ENTRIES SHOWN Block Start

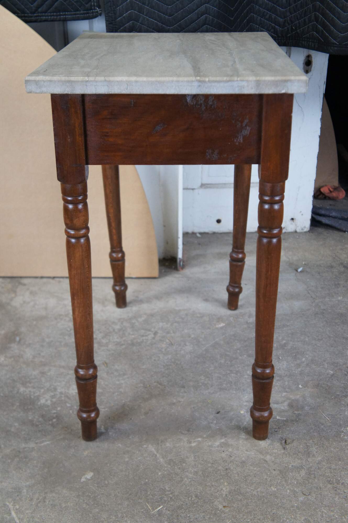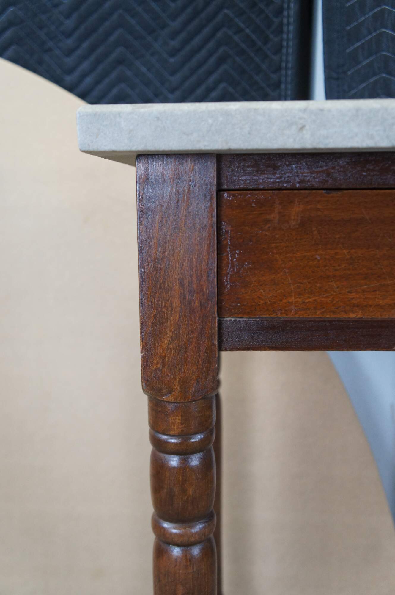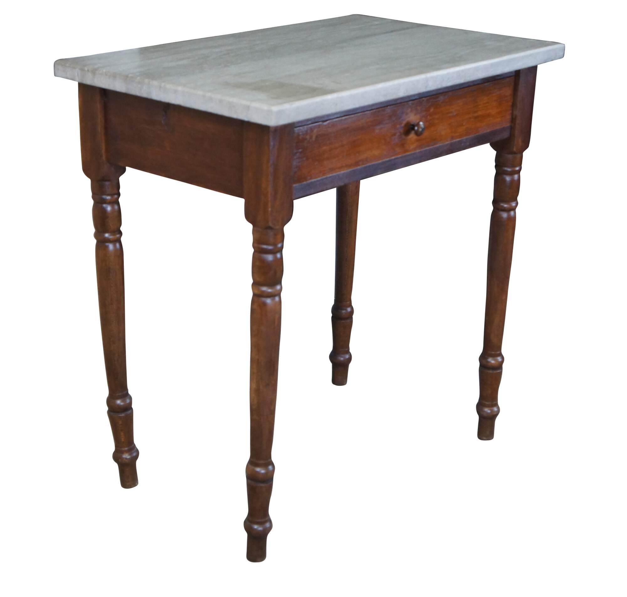 Late 19th Century Victorian occasional table. Features a rectangular form made from walnut with a granite top and hand-dovetailed frieze drawer. The desk is supported by turned legs leading to arrow feet.
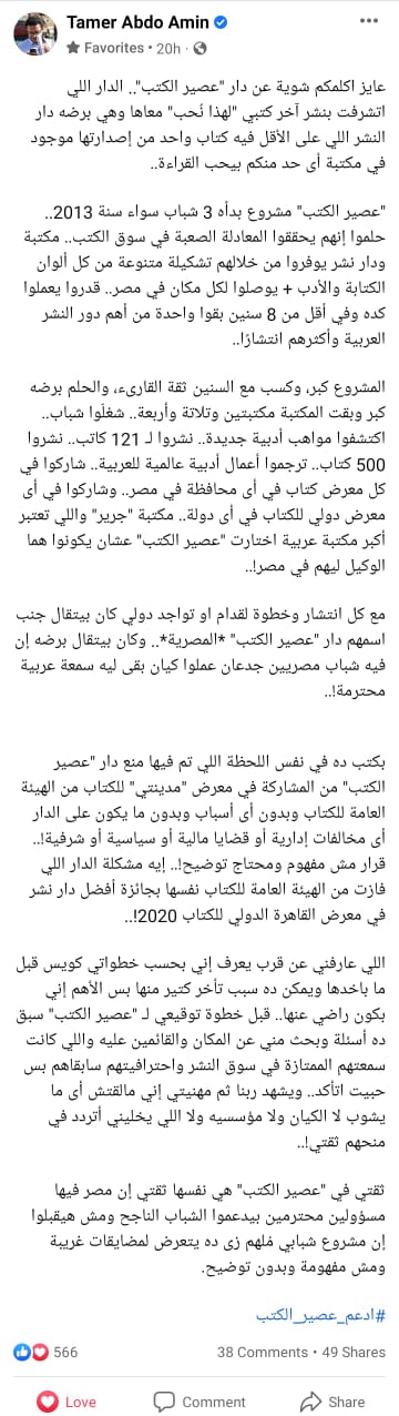 وكتب تامر عبده أمين على موقع التواصل الاجتماعي فيسبوك منشورًا يوضح فيه اعتزازه بالتعامل والتوقيع مع دار عصير الكتب في كتابه الأخير، موضحًا أن الخطوة لم تأتي إلا بعد حساباتٍ كثيرة، وجاء من ضمن نص المنشور: ويشهد ربنا ثم مهنيتي إني ملقتش أي ما يشوب لا الكيان ولا مؤسسيه ولا اللي يخليني أتردد في منحهم ثقتي، وثقتي في عصير الكتب هي نفسها ثقتي إن مصر فيها مسؤولين محترمين بيدعموا الشباب الناجح ومش هيقبلوا إن مشروع شبابي مُلهم زي ده يتعرض لمضايقات غريبة ومش مفهومة وبدون توضيح.
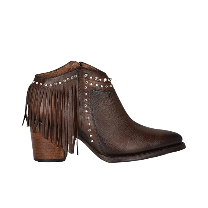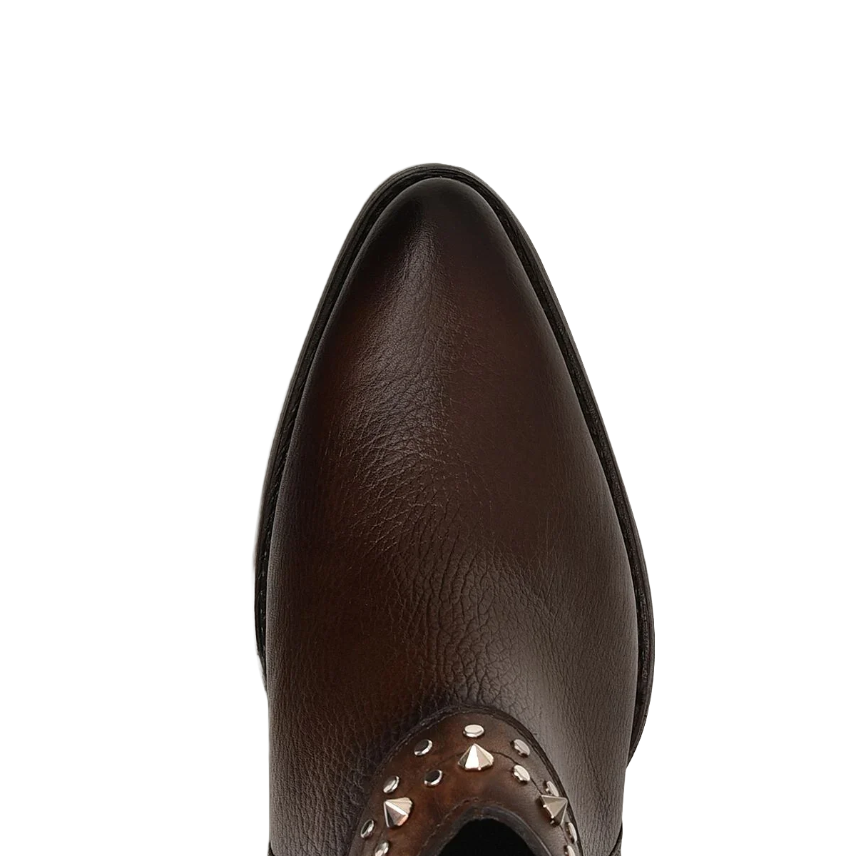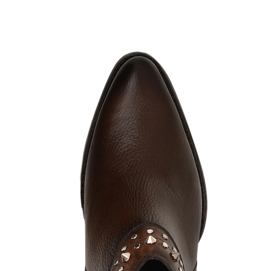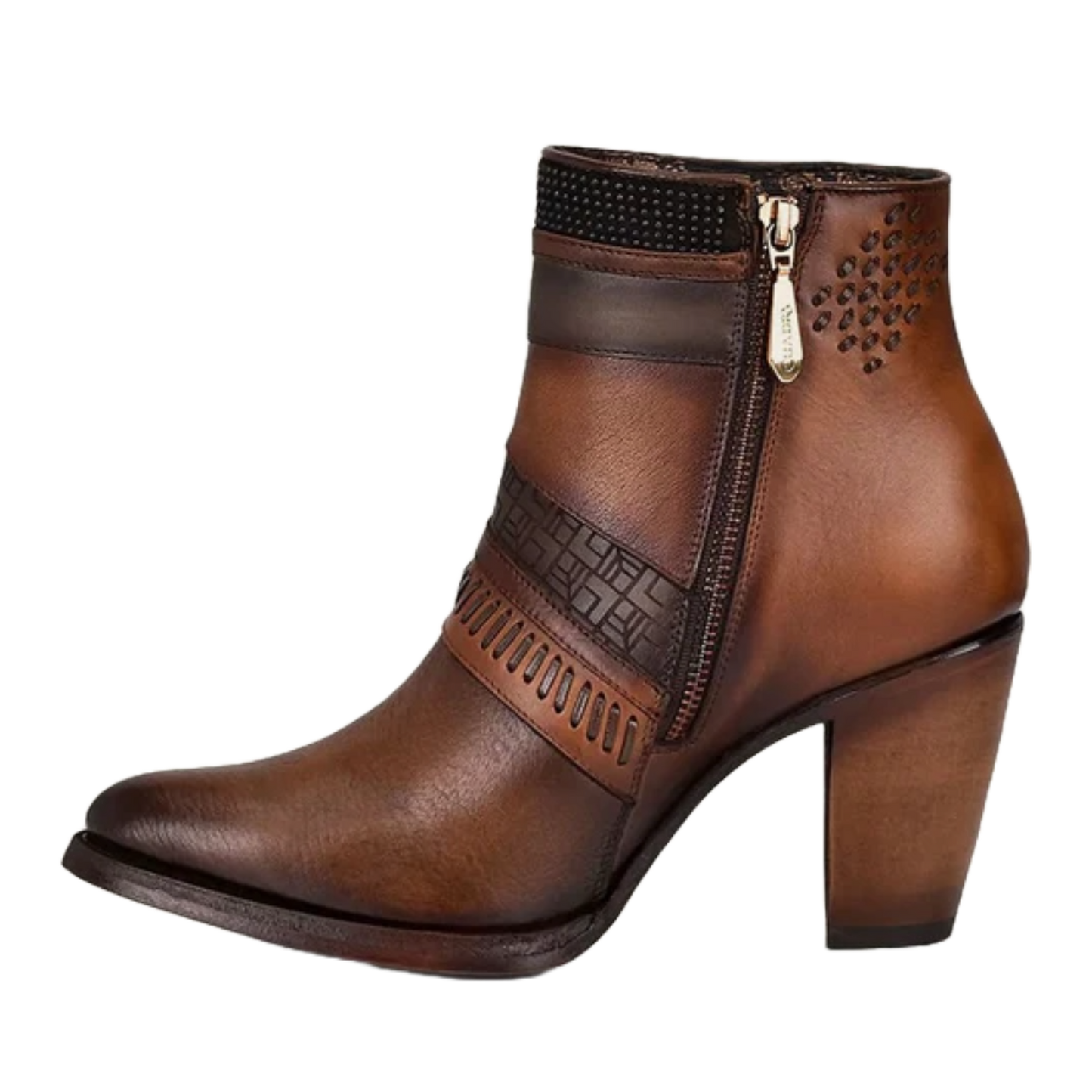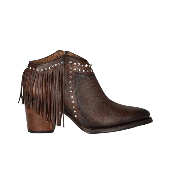 Cuadra Ladies Studded Lambskin Cafe Brown Western Ankle Bootie CC253
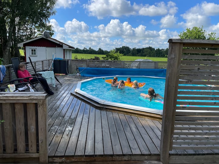 Hyggelig hytte på gård med skov og sportsfiskeri
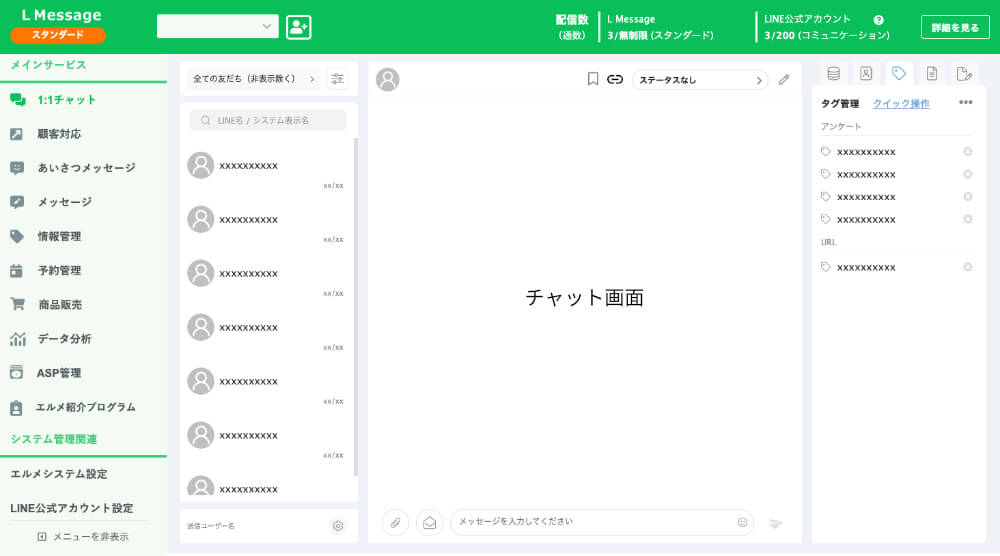 「エルメ(L Message)」は、LINE公式アカウントと連携できる拡張サービスです。
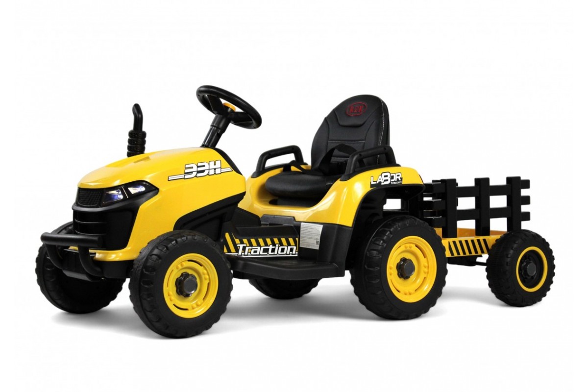 Короб трактора оснащен механическим подъемом, что добавляет удобства при использовании. Сидение выполнено из эко-кожи, а ремень безопасности - полосной. Скорость движения вперед/стоп/назад может варьироваться от 2 до 6 км/ч, что позволяет выбрать оптимальный режим для разных условий игры.
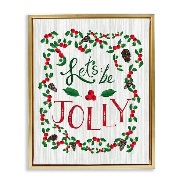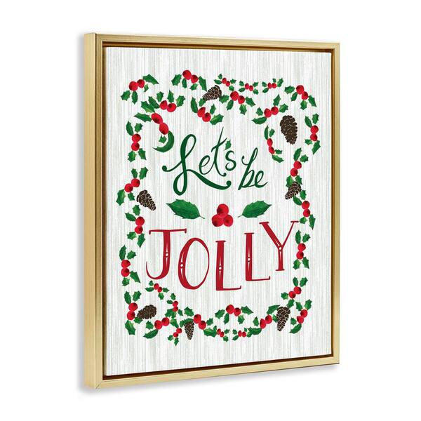 Festive Let's Be Jolly by Michelle Ingari Designs Gold Floater Frame Typography Graphic Art Print 21 in. x 17 in.
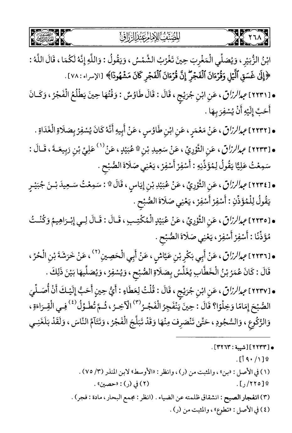 • [٢٢٣٣] عبد الرزاق، عَنِ الثَّوْرِيِّ، عَنْ سَعِيدِ بْنِ * عُبَيْدِ، عَنْ (¬١) عَلِيِّ بْنِ رَبِيعَةَ، قَالَ: سَمِعْتُ عَلِيًّا يَقُولُ لِمُؤَذِّنِهِ: أَسْفِرْ أَسْفِرْ، يَعْنِي صلَاةَ الصُّبْحِ.
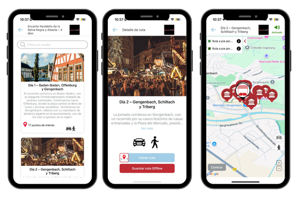 A través de la app de Tourist Road Guides, disfrutarás de explicaciones narradas, curiosidades y tradiciones que dan vida a estos lugares mágicos. Conoce la historia del vino caliente Glühwein, las galletas de jengibre, los adornos artesanales y las leyendas que envuelven cada mercado, mientras paseas entre luces y sonrisas.
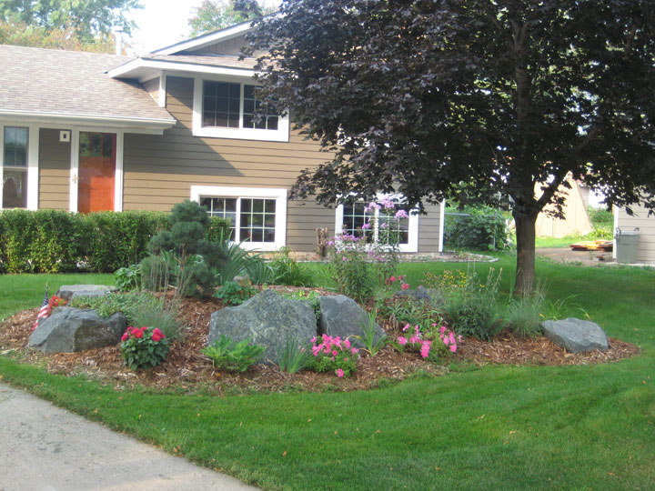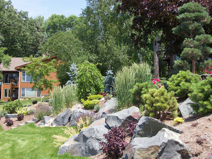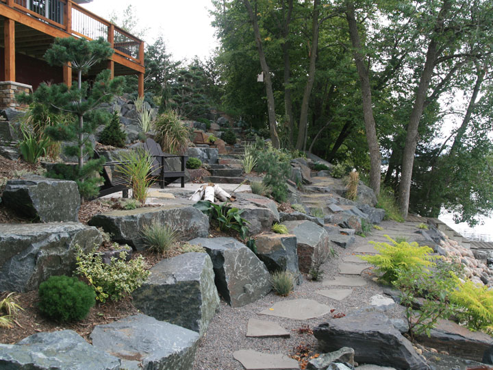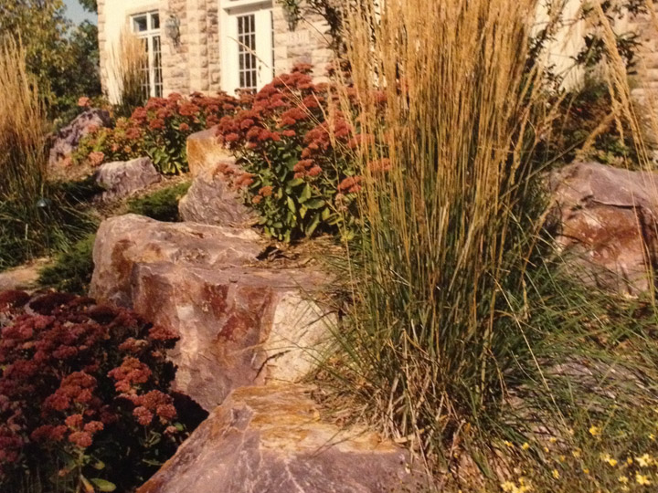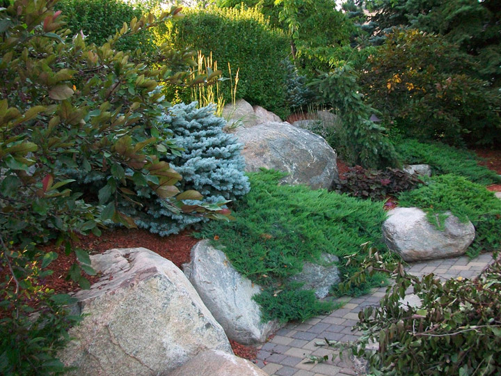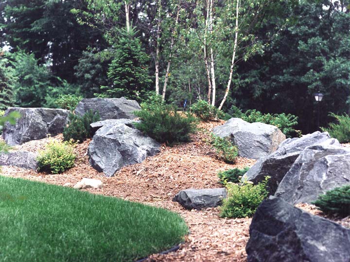 When installed by Boulder Express, the boulder outcroppings are inspired by the best of Mother Nature’s own workmanship but also a level of functionality is also accomplished as well. Natural boulder settings will provide year round color, texture, protected coves for your more delicate ground covers and even an interactive element like bird bath rocks and sitting rocks will make this area soon to be your favorite part of your home.

ENTRIES SHOWN Block End

● **ASSIGNMENT**
Return each line of the data, keeping its wording exact and omitting pictures.

● **ANSWER FOR THE TASK**
 Late 19th Century Victorian occasional table. Features a rectangular form made from walnut with a granite top and hand-dovetailed frieze drawer. The desk is supported by turned legs leading to arrow feet.
 وكتب تامر عبده أمين على موقع التواصل الاجتماعي فيسبوك منشورًا يوضح فيه اعتزازه بالتعامل والتوقيع مع دار عصير الكتب في كتابه الأخير، موضحًا أن الخطوة لم تأتي إلا بعد حساباتٍ كثيرة، وجاء من ضمن نص المنشور: ويشهد ربنا ثم مهنيتي إني ملقتش أي ما يشوب لا الكيان ولا مؤسسيه ولا اللي يخليني أتردد في منحهم ثقتي، وثقتي في عصير الكتب هي نفسها ثقتي إن مصر فيها مسؤولين محترمين بيدعموا الشباب الناجح ومش هيقبلوا إن مشروع شبابي مُلهم زي ده يتعرض لمضايقات غريبة ومش مفهومة وبدون توضيح.
 Cuadra Ladies Studded Lambskin Cafe Brown Western Ankle Bootie CC253
 Hyggelig hytte på gård med skov og sportsfiskeri
 「エルメ(L Message)」は、LINE公式アカウントと連携できる拡張サービスです。
 Короб трактора оснащен механическим подъемом, что добавляет удобства при использовании. Сидение выполнено из эко-кожи, а ремень безопасности - полосной. Скорость движения вперед/стоп/назад может варьироваться от 2 до 6 км/ч, что позволяет выбрать оптимальный режим для разных условий игры.
 Festive Let's Be Jolly by Michelle Ingari Designs Gold Floater Frame Typography Graphic Art Print 21 in. x 17 in.
 • [٢٢٣٣] عبد الرزاق، عَنِ الثَّوْرِيِّ، عَنْ سَعِيدِ بْنِ * عُبَيْدِ، عَنْ (¬١) عَلِيِّ بْنِ رَبِيعَةَ، قَالَ: سَمِعْتُ عَلِيًّا يَقُولُ لِمُؤَذِّنِهِ: أَسْفِرْ أَسْفِرْ، يَعْنِي صلَاةَ الصُّبْحِ.
 A través de la app de Tourist Road Guides, disfrutarás de explicaciones narradas, curiosidades y tradiciones que dan vida a estos lugares mágicos. Conoce la historia del vino caliente Glühwein, las galletas de jengibre, los adornos artesanales y las leyendas que envuelven cada mercado, mientras paseas entre luces y sonrisas.
 When installed by Boulder Express, the boulder outcroppings are inspired by the best of Mother Nature’s own workmanship but also a level of functionality is also accomplished as well. Natural boulder settings will provide year round color, texture, protected coves for your more delicate ground covers and even an interactive element like bird bath rocks and sitting rocks will make this area soon to be your favorite part of your home.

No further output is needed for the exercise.